Exploring the Imperial Connections of “Humanitarianism” | Arup Kumar Sen

Thursday 17 February 2022, by Arup Kumar Sen


In his recent polemical text titled ‘Reflections on Violence, Law and Humanitarianism”, carried in Critical Inquiry (Vol. 41, No. 2, 2015), the eminent anthropologist, Talal Asad has probed the genealogy of “humanitarianism” and located its embeddedness in the discourse of imperialism: “As word, concept, and practice, humanitarianism emerged in the nineteenth century with the consolidation of European nation states, the expansion of European colonial empires and the global development of capitalism...The European drive to expand, by conquest, into areas where non-Europeans lived, and the latter’s consequent subjection, should not therefore be seen as a simple failure to fulfill the Enlightenment promise of universal equality. The idea of difference is built into the concept of the human”. (ibid.)

Asad has also explored the historical trajectory of “humanitarian” violence of European imperialism in the 19th century:

The places that most interested West European humanitarians in the nineteenth century were in the weakening Ottoman Empire. The massacres that occurred in European controlled territories — in the Belgian Congo, for example, in German South-West Africa, in the United States, in the Philippines, or in Algeria — did not call for “international” protection. But to regard this difference as a simple matter of double standards is to fail to see fully its ideological underpinning. The justifications of such violence were of course multiple, but the motive always included self-defense of humanity in the widest sense. (ibid.)

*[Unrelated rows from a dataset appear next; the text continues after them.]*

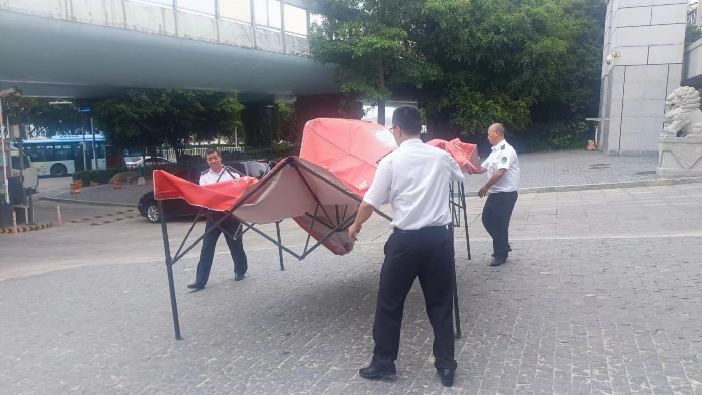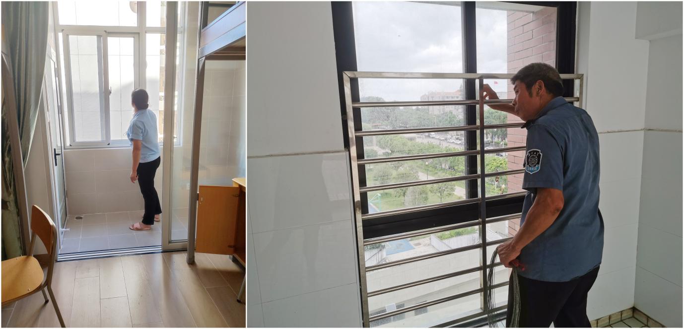 随着今年第5号台风“杜苏芮”逐渐逼近,7月24日以来,学校连续提升防台风应急响应等级。7月27日上午,学校将防台风应急响应提升至Ⅰ级。对此,学生公寓与环境服务中心高度重视,按照学校和集团的部署做好各项防御准备工作,积极主动打好防台防汛准备仗。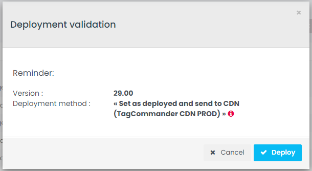 Une fois la version et la méthode de déploiement sélectionnées, une fenêtre résumant le déploiement apparaîtra. Cliquez sur «Déployer» pour valider :
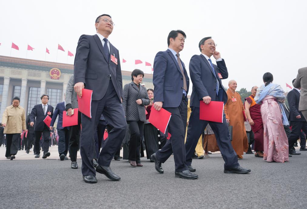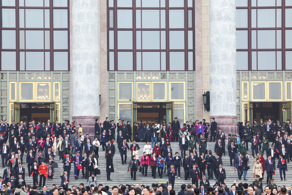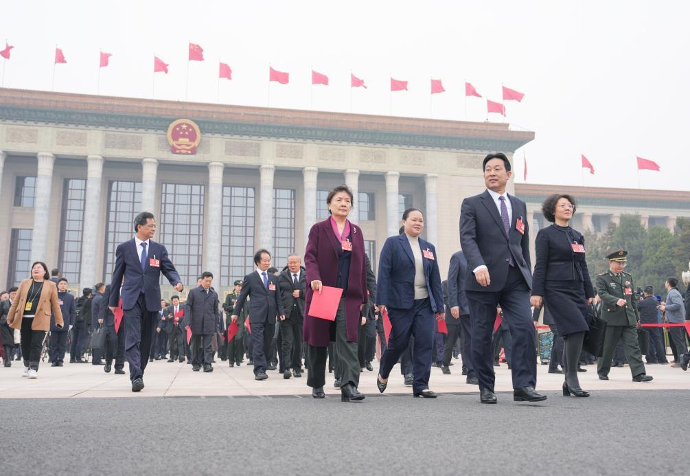 3月11日,十四屆全國人大三次會議在北京人民大會堂舉行閉幕會。這是閉幕會后,代表們走出人民大會堂。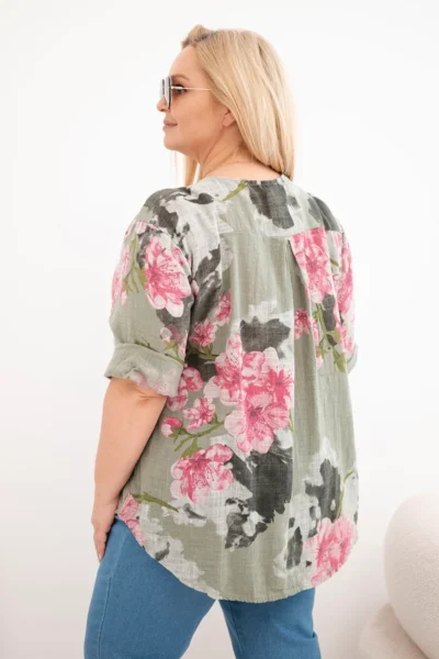 Plus size kvetovaná bavlnená blúzka ART10881-1 – khaki
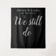 stylish elegant renew vows photobooth, fancy photo booth backdrop tapestries, personalised couple names photo prop, we still do vow renewal, custom 25th anniversary party backdrop, 25 years anniversary party banner, silver wedding anniversary for them, anniversary backdrop twenty fifth party, rustic modern calligraphy 5th backdrop, black and silver ceremony 10th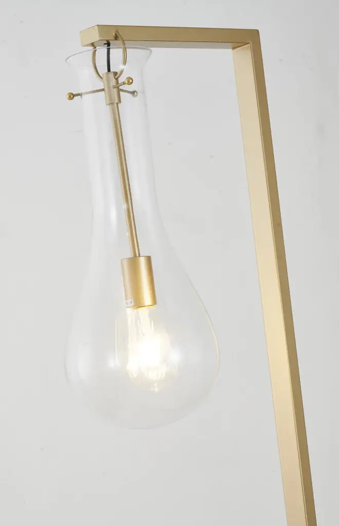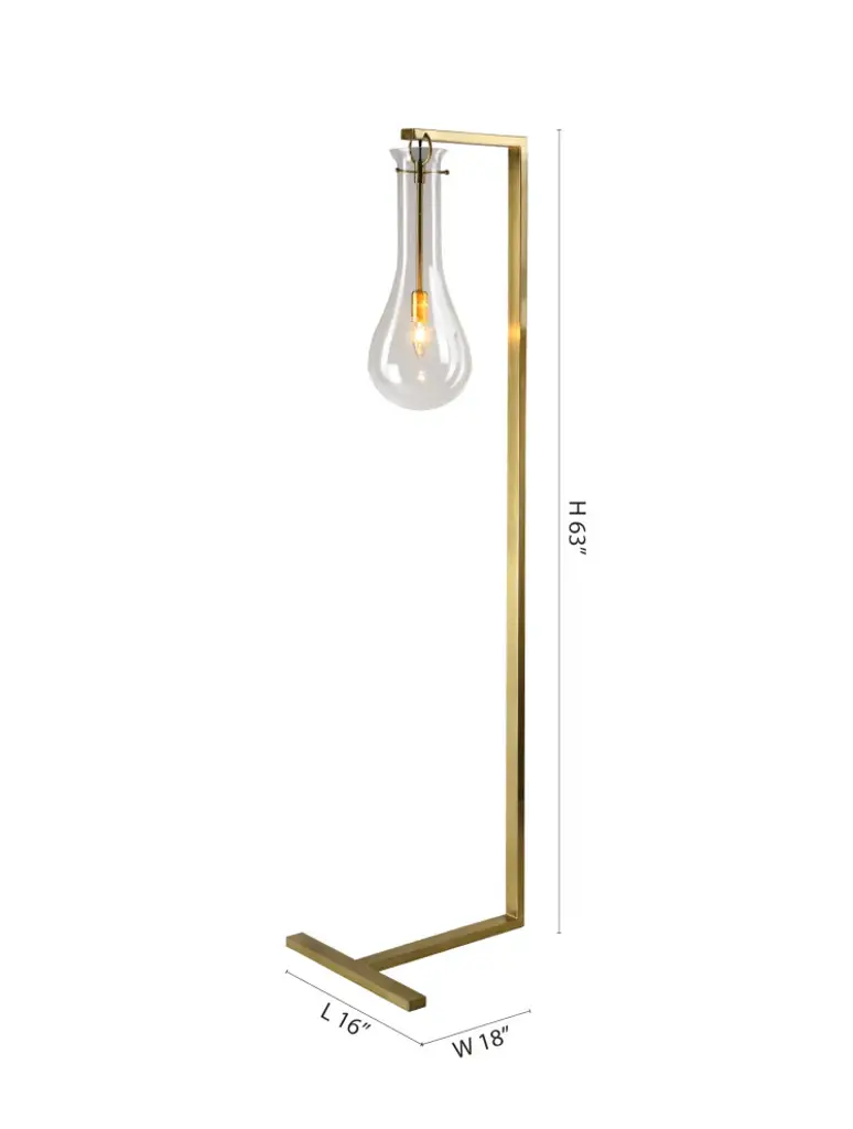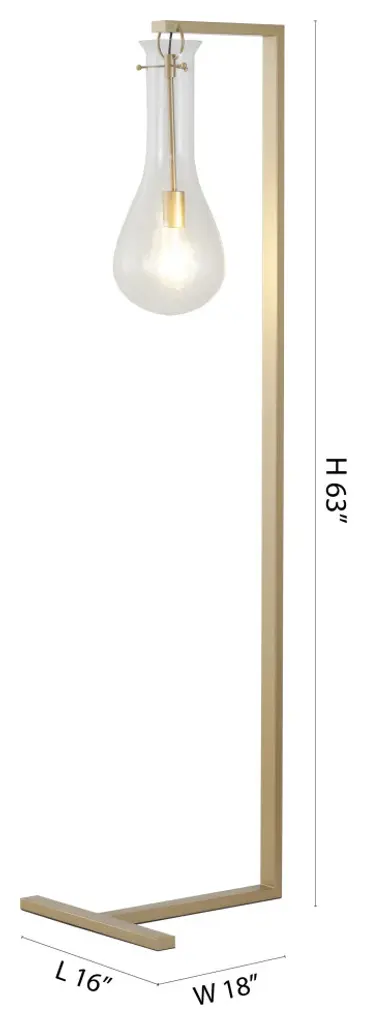 This floor lamp is a special piece of decor to make your room warm and welcoming. The base of this floor lamp is made out of iron in a brass finish, and it comes with a clear glass shade. The height is in 63 inch. It is perfect to be used in living room, bedroom, reading room, and office.Dimension: L16"W18"H63"Number Of Bulb: 1Bulb Type: E26Wattage: 60WBulb Included: NoCUL/UL/CSA Listed

What is the modern form of “humanitarian” violence in the 21st century? To put it in the words of Talal Asad: “Small wars might be thought of as proto-humanitarian interventions to the extent that they claimed to establish (imperial) peace and law in place of instability and cruelty...Today the work of pacification has become more complex, acquiring, as in the recent U. S. Army Counterinsurgency Field Manual, a humanitarian dimension: converting the barbarians to freedom and progress that their humanity demands and, when that is not possible, eliminating them because of their inhumanity”. (ibid.)

Asad has drawn our attention to the legal route through which the United Nations has justified imperial violence:

Colonialism has long ended, but the United Nations has recently justified military intervention into ex-colonial countries for humanitarian purposes by adopting a new legal norm known as the “Responsibility to Protect”. (ibid.)

Talal Asad’s discourse enlightens us about how “humanitarianism” has been used in nuanced ways as a tool of imperialism in different phases of history.